Lota demanda d'une voix trempée de larmes.
« Ce n'est rien. Dites-moi, je vous en prie. »
« Peu importe à quel point ma sœur me repousse, nous sommes famille. Et cela fait de Lady Voreoti ma nièce chérie. »
Alors bien sûr que je m'inquiète, dit Lota, les yeux brillants de larmes.
Son numéro fonctionna à la perfection.
Les larmes pures et tristes et le doux sourire d'une belle femme suffisaient amplement à émouvoir les cœurs.
Même les dames qui commençaient à se lasser de la situation furent attirées par la sympathie.
« Ce n'est rien de majeur, vraiment... »
La dame qui avait commencé à parler finit par dire, prudemment.
« Mais Lady Voreoti portait un bracelet à son poignet... »

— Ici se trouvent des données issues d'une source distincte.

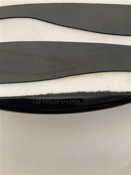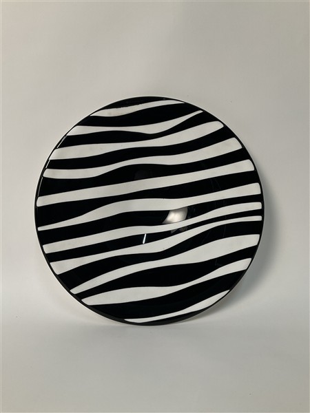 Grande piatto in vetro incamiciato lattimo e nero decorato a scavo a motivo zebrato. Murano, seconda metà secolo XX. Firmato a punta sul bordo. (d cm 37)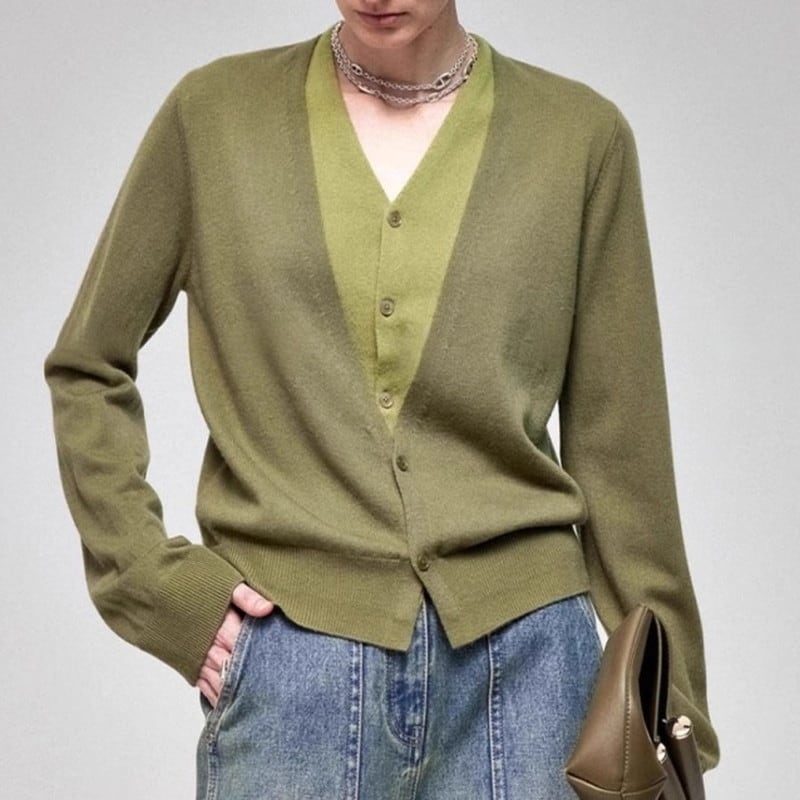 レイヤード風Vネックカーディガン ■商品説明 重ね着したようなレイヤードデザインが魅力のVネックカーディガン。 すっきりとしたVネックラインと、重ね着風デザインが洗練された印象に。 シンプルながらもデザインにこだわった一着、普段のカジュアルスタイルからきれいめなコーディネートまで幅広く活躍します。 ■カラー グリーン グレー ブラック ■サイズ(cm) S 着丈52/バスト101/肩幅41/袖丈57 M 着丈53/バスト103/肩幅42/袖丈58 L 着丈54/バスト105/肩幅43/袖丈59 XL 着丈55/バスト107/肩幅44/袖丈60 ※採寸には1〜4cmほどの誤差がある場合がございます。 ☆インスタで他のアイテムもチェック! https://www.instagram.com/_riglow_official_/ ☆riglowで今人気のアイテムはこれ! https://www.riglow.net/categories/3447320 ☆Shop top pageはこちらから https://www.riglow.net/ ----------------------------------------------------------------------------------- 【お支払い方法について】 ・クレジットカード決済(手数料がかからずオススメです。) ・キャリア決済(docomo/au/Softbank/Y!mobile 手数料300円) ・PayIDあと払い(手数料350円) ※お支払い方法の種類が変更になる可能性がございます。 【お届けについて】 riglowではお客様からご注文をいただき、1点ずつ取り寄せさせていただいております。 そのためご注文(ご入金)いただいてから10日〜3週間前後で発送致します。ご了承ください。 【注意事項】 ・タイミングによっては 商品在庫切れにより注文キャンセルとさせていただくこともございますので、予めご了承くださいませ。 ・こちらは輸入品となります。日本製とは検品基準が異なる為、新品未使用品でもごくわずかな汚れや傷がある場合もございます。 ・商品の色味は、お手持ちのスマートフォンの画面によって実物と若干異なる場合がございます。 ・イメージ違いやサイズ交換等、お客さまご都合による交換、返品は対応出来かねます。ご了承ください。 ※こちらに重要事項を詳しく記載しております。ご購入前にこちらをお読みください。 https://www.riglow.net/about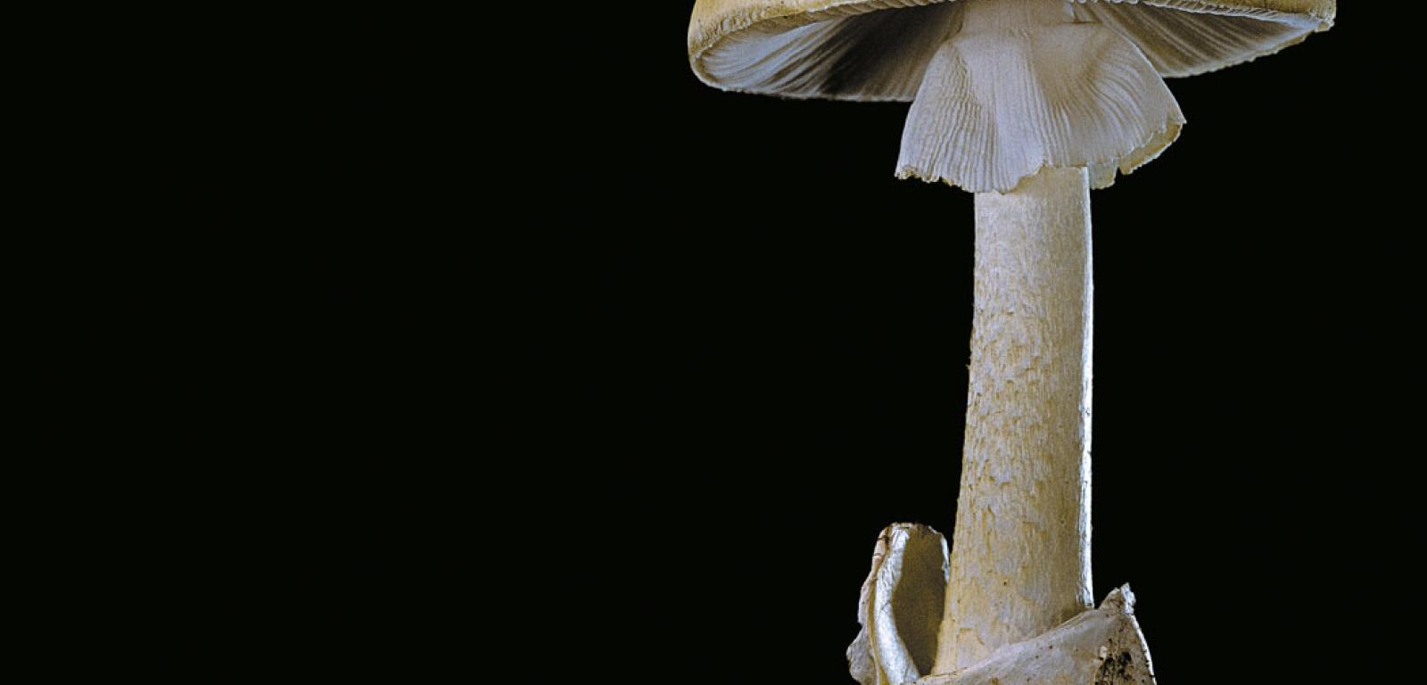 wyłaniającego się ze ściółki muchomora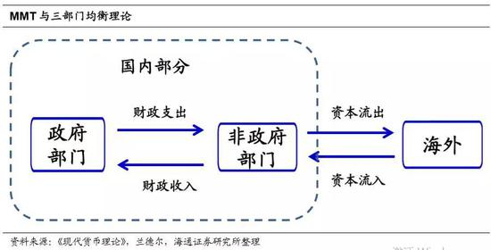而政府部门的财政赤字等于非政府部门的盈余。MMT认为,由于支出先于收入,而发行债务的目的不是为了弥补财政缺口,因此财政平衡也就没有实际意义。该理论引入了三部门均衡来理解赤字的含义。在三部门均衡的框架下,一个部门的资产等于其他部门的负债。如果将国内部门分为政府和非政府,外债规模不变化的情况下,政府的债务实际上就是非政府部门的金融资产,政府部门的财政赤字等于非政府部门的盈余。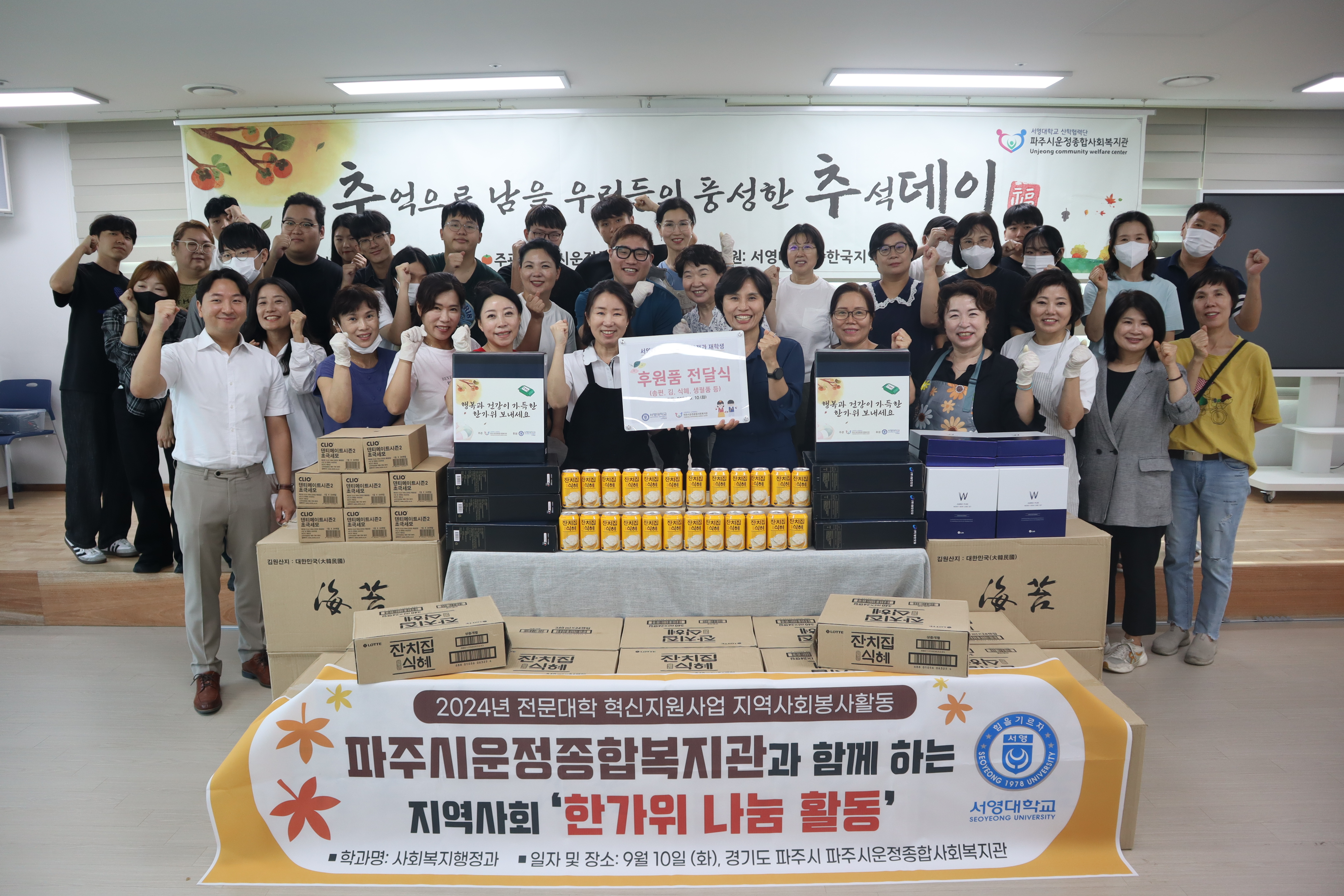 2024년 9월 10일(화) 서영대학교 사회복지행정과 학생들이 파주시운정종합복지관과 함께 하는 지역사회 " 한가위 나눔 활동"을 진행하였습니다.

Cela avait attiré son attention.
Lota se rappela aussi l'avoir vu.
Cette agaçante fille aux cheveux noirs, qui faisait la mignonne à côté de sa sœur — elle portait un fin bracelet de fil d'or à son poignet droit.
Dénoué, il aurait pu servir de collier.
Et attaché à celui-ci... se trouvait un pendentif bien particulier.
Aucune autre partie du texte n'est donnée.